I found a Day One bug in some unit test code today that I wrote in 2014, nine years ago. What caused the bug to show up now? I had botched where I had put a thread scheduling yield function call relative to a critical section in the unit test. Apparently this is the first time I have ported this multi-threaded C code to a single-core processor - in this instance, a Raspberry Pi Zero.
This is remarkable. As someone said when I related this story to them, it's not uncommon to uncover bugs in code being ported from single core to multi-core processors, but the opposite transition happens seldom enough that this kind of event is rare.
For most of my career - which began before microprocessors even existed - all such computer chips were single core, that is: capable of executing only a single machine instruction at a time. I started writing this library, Diminuto, for a single core ARM4 processor in 2008. But it didn't take long to migrate to inexpensive ARM and Intel chips that could execute more than one instruction at a time. Today, I routinely use small development and test machines that have four or even eight processor cores. As a former colleague of mine, who I met when I worked in Boulder at the National Center for Atmospheric Research and he with Seymour Cray at Cray Computer Company in Colorado Springs, once remarked, your Raspberry Pi 4B single board computer can, by most metrics, outperform Seymour's last supercomputer, the Cray-3 a.k.a. "The Fish Bowl".

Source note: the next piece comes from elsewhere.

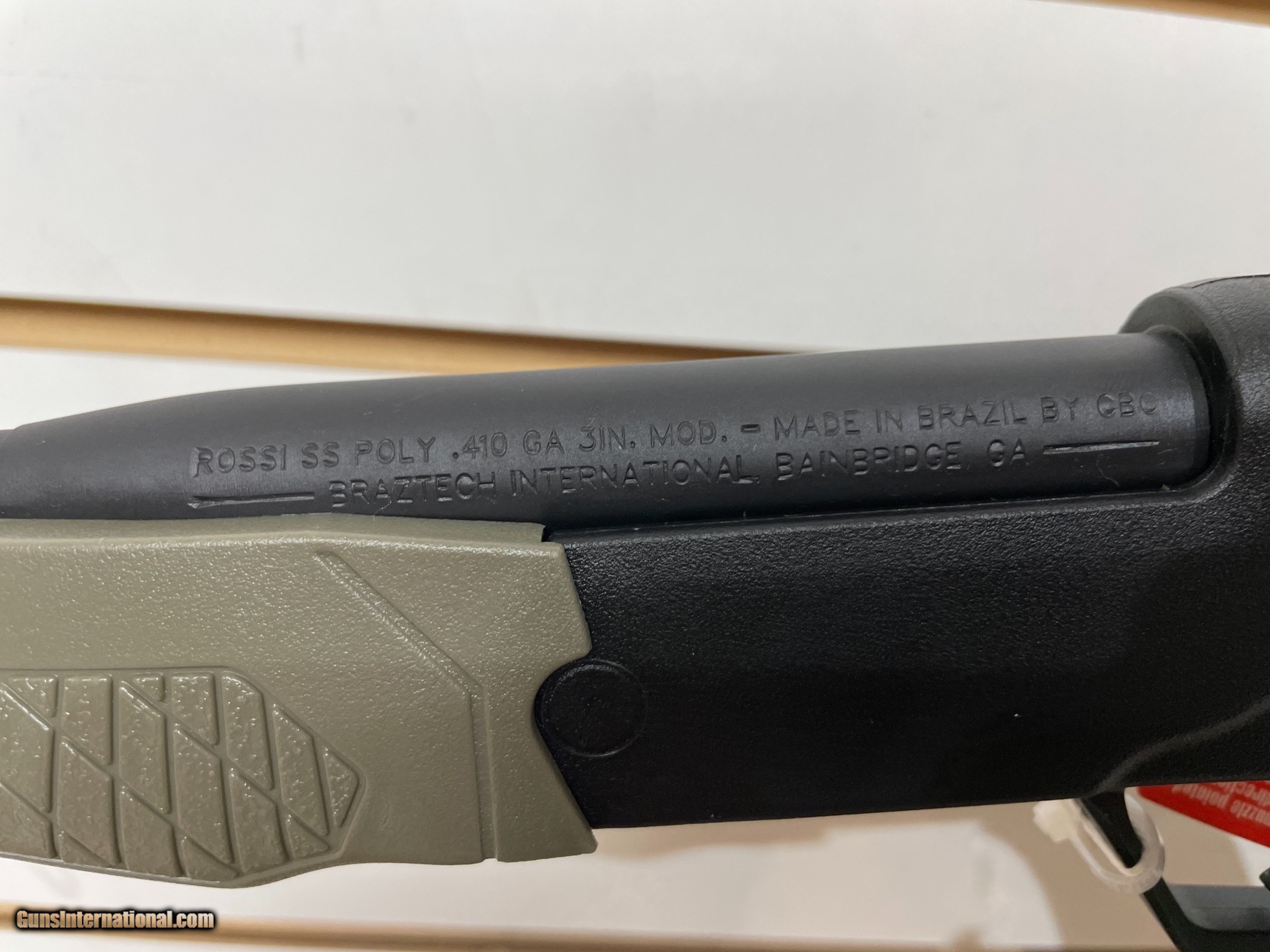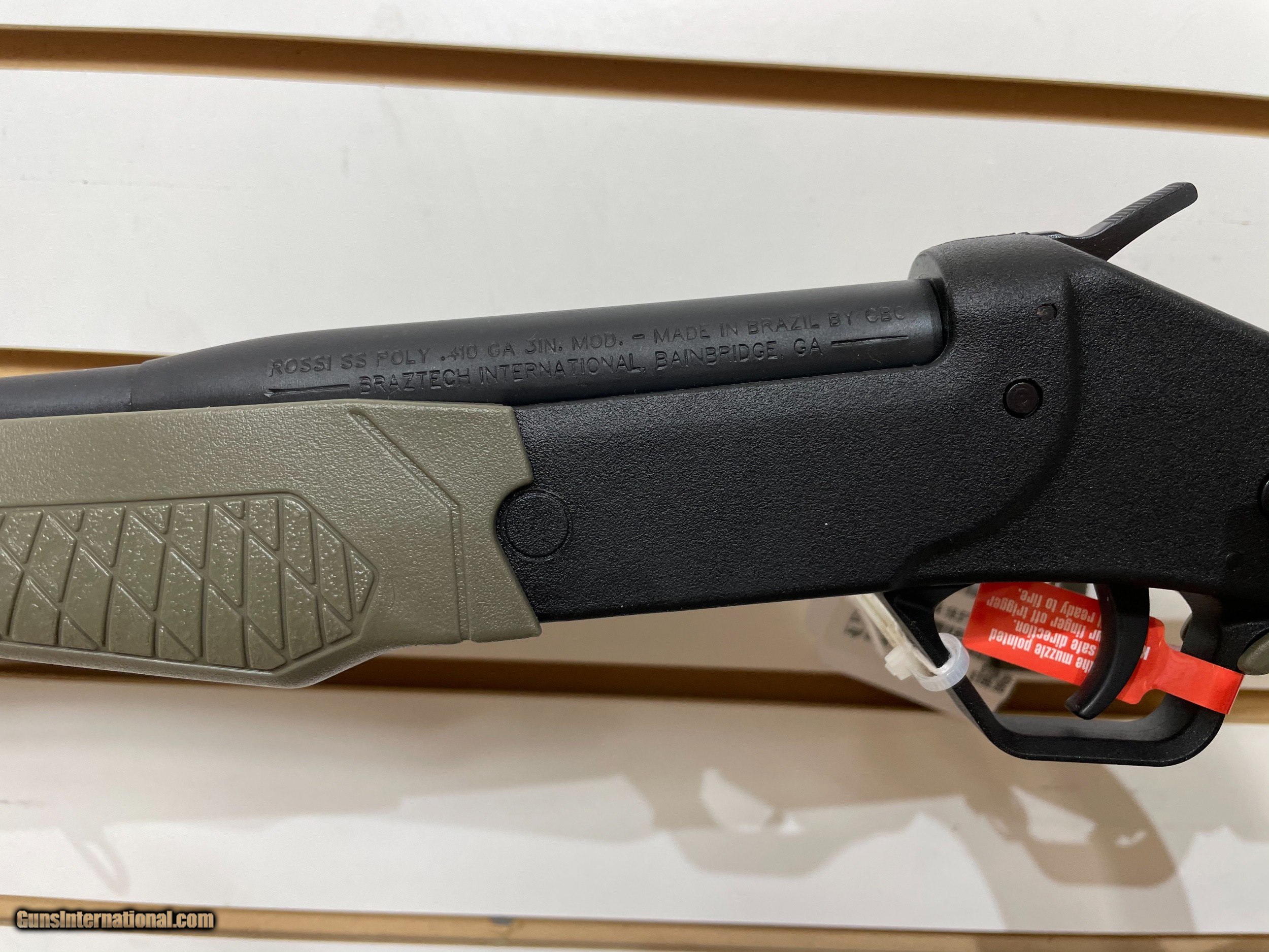 Description: New Rossi Single Shot 410 Gauge 18" barrel manuals trigger lock new in the box Buyer pays shipping Millers Gun Center Located in New Castle, Delaware "Home of TAX-Free shopping" No Credit Card Fees SOLD Serial Number: 7CS088378N |

The evolution of multi-core microprocessors was largely motivated by, IMNSHO, the end of Moore's Law, at which point doing stuff in parallel was the only way to produce faster microprocessors... faster, at least, for those applications which could take advantage of them. See also: Amdahl's Law.
Yes, that's a young(er) iteration of me leaning on a Cray-3 in NCAR's computer room at their Mesa Laboratory in Boulder Colorado. Compared to what we can do with computers today, those were the old days, but not necessarily the good old days.